None of IIT Bombay’s departments filled seats reserved for ST students
In the third part, the newspaper revealed that none of IIT Bombay’s 26 departments managed to fill the PhD seats reserved for ST students between 2015 to 2019.
This data, obtained by the Ambedkar Periyar Phule Study Circle, also showed that 25 of the 26 departments failed to fill the quotas for OBC and SC students. “Eleven of the 26 departments did not admit a single student under ST category in the period under question,” the report says.
At IIT Bombay, PhD students from OBC communities constituted 19.2% of the total, while those from SC communities accounted for 7.5% and ST students 1.6%.
The acceptance rate was lower for students from reserved categories: it was 3.8% for the general cateogry and 3.1% for OBC and ST students, and 2.5% for SC students. “In 16 of the 26 departments, this skew in acceptance rate was more pronounced with SC and ST students having acceptance rates at half or lower those for GC applicants,” The Hindu said.
The data indicates that more students from marginalised communities are rejected at the interview stage. The newspaper said that during the application and interview stage, the proportion of students from different categories remained fairly same. Around 12% were rejected at the application stage, with the remaining making it to the interview stage.
“However, among those selected post the interviews, while the percentage of GC increased to 71.6%, the proportion of students from all other categories went down,” the report says.
The IIT Bombay spokesperson told The Hindu that the acceptance rate is lower for applicants from marginalised communities because “IITs have very high expectations of our student input, which is needed to carry out research towards a PhD”.

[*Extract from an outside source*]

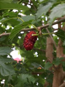桑の実 2018.06.10 桑の実です。 僕が神童と言われていた頃(小学生ぐらい)の話です。 養蚕が盛んだった名残りで、通学路の途中には結構桑畑がありました。 社会科の授業では桑畑の地図記号も教わりました。 理科の授業では蚕の飼育で、桑の葉も準備しました。 桑の実もよく食べていました。甘くて美味しいのですが、舌が紫色になったものです。 最近では桑の木もなかなか見る事も少なくなりましたが、工場の裏に勝手に生えてきた木に なった桑の実です。

This allusion to a “lack of merit” has been constantly rejected by student groups and activists.
Last year, a panel appointed by the education ministry to suggest measures to improve reservation in admission and appointment at IITs ironically suggested that these institutes should be exempt from implementing quotas for faculty appointments.
The panel, which included directors from two IITs, also claimed that posts reserved for SC, ST and OBC lecturers could not be filled because ‘suitable candidates’ could not be found.
IIT Bombay’s Ambedkar Periyar Phule Study Circle (APPSC) criticised the report, saying the panels should have highlighted “wrongs in the existing selection process and recommending ways to correct those”. Instead, the committee exhibited its “casteist ignorance” by blaming the candidates from “reserved categories for not being ‘qualified enough’”, the student group said.